Кумар долбящий и созависимость. Трезвение и литература | страница 29




Но людям вряд ли это нравится…



Управляемый темой, он начинает ею управлять согласно своей главной муке и заботе:


Не знаю, может быть, амнЕзия


настигнет (или амнезИя?) —


не знаю… Но ушла поэзия


куда-то на периферию.



Когда читаешь или слушаешь большой объем стихов, невольно вычленяешь, особенно начиная уставать, ключевое слово, на которое бессознательно «запал» стихотворец. Чаще других в импровизациях Андрей ставит два кратких прилагательных: «возможно» и «невозможно». Представить «дизморфоманию» как процесс необратимый он был не в состоянии, аналогично — признать необратимым любое из заблуждений, которое овладевало на большой срок большими человеческими массами. В конце концов, как ни оскорбляют Пригов или Сорокин идею авторства, одно из высших поручений человеку, они лишь приближают прозрение. Так тошнота приближает очищение организма. Страдания Андрея и иже с ним уже искуплены: когда разгребут завалы грядущие мусорщики, они обнаружат не пустоты, а культурный слой. Дошуршивая последние метры, архаичная пленка с бесполезными сегодня опытами подселенца среди прописанных и владеющих лицевым счетом персонажей, воспроизводит, вопреки общей надежной сомнительности, сомневающуюся надежду:


Но, может быть, мне что-то удалось…



И только Письмо вопиет, не считаясь ни с какой транквилизирующей метафизикой, седативной вечностью: «Как мне жаль этого издерганного, замордованного, раздавленного колесами нашей невозможной жизни человека!»

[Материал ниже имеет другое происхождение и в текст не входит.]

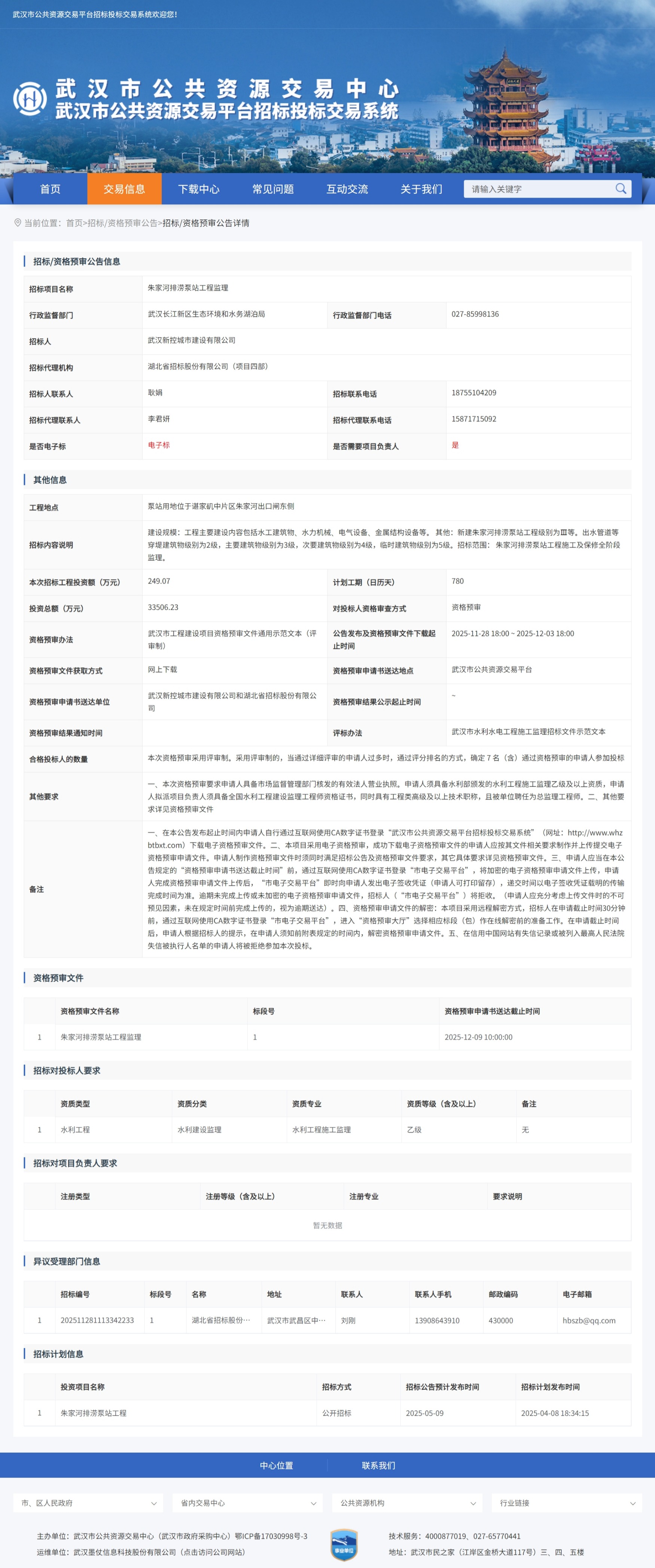 朱家河排涝泵站工程监理资格预审公告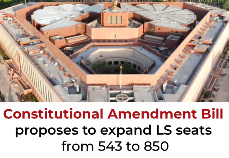 - The Government of India proposed to expand the strength of the Lok Sabha from 543 to 850 seats through a Constitutional Amendment.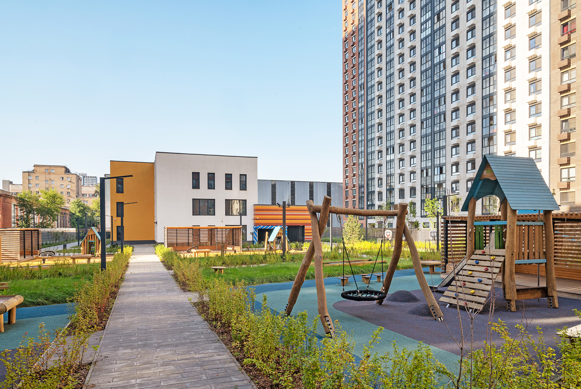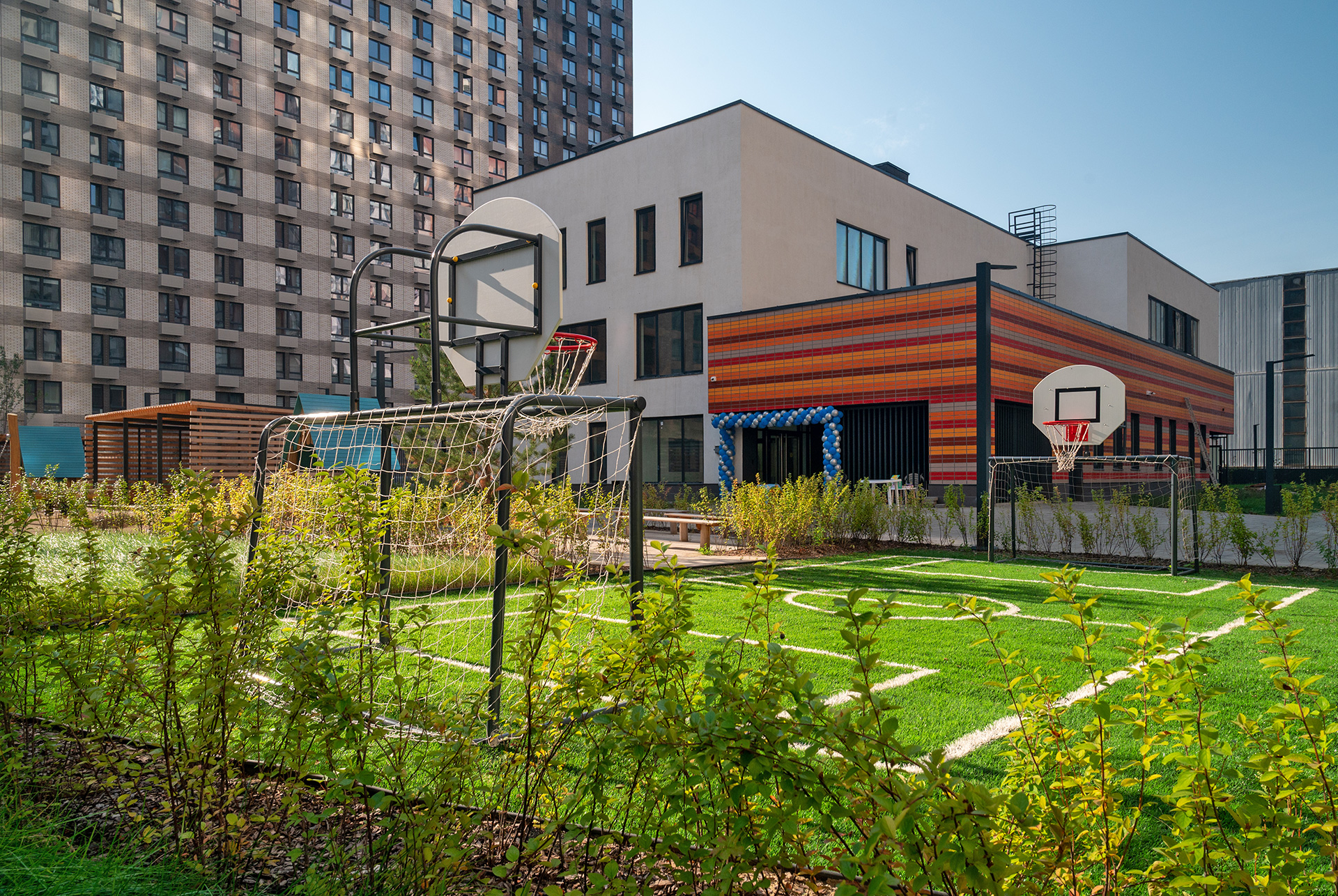 В детскому саду будут работать психологи и логопеды, предусмотрены отдельные помещения для занятий спортом, музыкой и развивающих кружков. На первом этаже находятся выходы к спортивной и игровым площадкам с теневыми навесами — здесь дети смогут играть и заниматься физкультурой. Все входы расположены на уровне земли, без порогов и перепадов по высоте.

«Невозможной» — слово из импровизаций, не получивших официального статуса чуда.

Надо было больше напихать выдержек, подкрепить концепцию. А я все повторяю, как тот кассетный еще магнитофон, постороннюю строку, написанную тоже не жильцом, но, по давности отбытия, как бы и не вполне подселенцем:


Богосыновства никто не отнимет


И не развеет бессмертье мое…



(Д. Андреев)

Никто не отнимет

Черная масса, серый строй. Всеволод Гаршин и война

Всеволод Гаршин в 33 года бросился в лестничный пролет. Значительную часть отпущенного ему творческого времени провел в психбольницах. Создал около 19 рассказов, несколько статей и переводов. При всем при том после первой публикации — рассказа (или очерка, как чаще называли этот жанр в период короткой жизни Гаршина) «Четыре дня» — автор получил европейское имя. Мало того: он умудрился с таким тощим багажом остаться в истории отечественной литературы далеко не на последнем месте.

В России тот, кто не настрогал пары десятков романов, и писателем-то считается с большим допуском. «Отметчик» (так его величали современники) Петр Боборыкин наваял больше 100 до некоторой степени художественных произведений, ввел в оборот слово «интеллигенция», а злоязыкая З. Гиппиус еще при жизни подписала ему приговор: «Г. Боборыкин пишет, все пишет, — а его не читают». В той же статье Гиппиус расхваливает беллетриста Альбова, который «начал писать раньше Гаршина», — стало быть, Гаршин служил своеобразной точкой отсчета литературных достижений. Так этот Альбов вообще затерялся — его только в какой-нибудь энциклопедии Южакова можно отыскать. Сокровищ словесных у нас столько, что можем выронить на ходу крупный бриллиант — и не заметить.